The coComment guys said in an email to me:

For sure, the addition of multiple scripts coming from different places makes the all page a bit unstable. Each service is adding its portion of javascript, each one interacting indirectly with others.

At one point last week, the finger pointing got pretty funny. It was like watching the phone company and the phone equipment company cast blame at each other. Here are some of the comments I got from various places on thursday and friday:

Firefox shows javascript errors in oddcast, indeed, overture and google syndication.

one of our developers traced the error back to a call to
vhost.oddcast.com/vhost_embed_function.php?acc=23325&js=1&followCursor=1

To me, the slow part of the page seems to be:
Email this • Add to del.icio.us • View CC license • Subscribe to this
feed • Digg this • Take my survey • Advertise In This Feed • Reddit It

As my friend Brad Feld pointed out in an email, nearly all of my portfolio companies got blamed at some point in the debugging process!

The bottom line is I have a ton of other people’s script running on my page generating something like 153 errors on the page. That’s a bad script trip for sure. But I am not going to stop experimenting. It’s too much fun.

New Blog Bling

I’ve heard from a lot of people that my blog sidebars are such a mess they can’t deal with them.

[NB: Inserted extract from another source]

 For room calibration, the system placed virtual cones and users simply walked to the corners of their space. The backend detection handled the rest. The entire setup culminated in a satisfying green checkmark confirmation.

It’s true that I’ve got a ton of blog widgets on my sidebars and I think they are seriously impacting the page load times. I am sorry about that.

But I can’t help myself. I find cool stuff and I want to play with it and my blog sidebars are my petri dishes. It’s the place I get to play with new web stuff.

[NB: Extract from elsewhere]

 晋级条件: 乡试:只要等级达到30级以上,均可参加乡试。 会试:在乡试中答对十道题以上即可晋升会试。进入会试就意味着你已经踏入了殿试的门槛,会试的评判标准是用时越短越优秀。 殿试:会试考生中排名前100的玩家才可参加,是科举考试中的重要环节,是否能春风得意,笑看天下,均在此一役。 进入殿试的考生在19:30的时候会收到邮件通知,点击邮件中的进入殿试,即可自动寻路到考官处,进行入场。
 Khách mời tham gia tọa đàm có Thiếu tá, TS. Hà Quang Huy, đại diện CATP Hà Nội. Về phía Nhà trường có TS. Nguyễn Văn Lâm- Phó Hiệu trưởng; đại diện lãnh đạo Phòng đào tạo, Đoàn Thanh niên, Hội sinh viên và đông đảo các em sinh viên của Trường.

So with that intro, I want to introduce three new blog widgets I’ve added to my sidebars.

1 – coComment – On the right sidebar, under my community faceroll, I’ve added a coComment blog widget that in theory should list all the comments I’ve left on other blogs that also use coComment. And I’ve added coComment to this blog so you can do the same thing. I think there needs to be a consolidated comment system for the web and coComment is the closest thing to it right now. I’ve seen some cool stuff coming through my office that leads me to be hopeful that we are going to see even more good work in this area soon.

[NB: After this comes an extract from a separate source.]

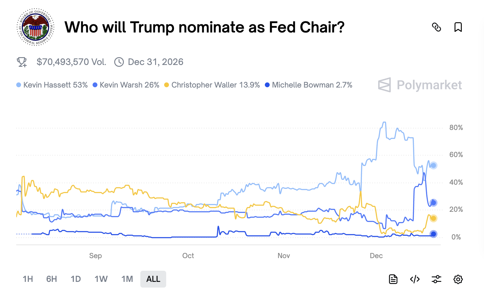 Op voorspellingsplatform Polymarket wordt momenteel gerekend op meerdere kanshebbers. De meeste kans wordt toegeschreven aan Kevin Hassett, economisch adviseur van het Witte Huis, met een geschatte kans van ruim 53 procent. Oud-Fed-bestuurder Kevin Warsh volgt met ongeveer 26 procent. Chris Waller staat derde met circa 14 procent.

2 – Streampad player – also on the right sidebar, at the top of My Music links. This widget loads the last 50 mp3s I’ve posted to my blog and let’s you play them as a playlist. It loads super fast but you can only listen while you have the blog page open. If you navigate away, the music stops. It would be great if you could launch the player into a new window and keep it playing. There are some other things I’d like to be able to do, like separate the mp3s I post from the podcasts I post, but for now, it’s pretty damn cool and I invite all of you to hit the play button and listen the music flow.

3 – Root Worms – on the left sidebar right below my blogroll. I’ve been sending my clickstream data to Root Vaults via the attentiontrust recorder for a while now. These worms let me show my clickstream data to the world. Want to know what I’ve been searching on or clicking on? Just take a look at the root worms and you’ll see. I need to get the attentiontrust recorder working on my new MacBook Pro as this data is just the search and clickstream data from my thinkpad which I’ve mostly stopped using. I hope to have that set up by the end of this week.

I will keep these widgets up for as long as I find them useful. I hope you like them too.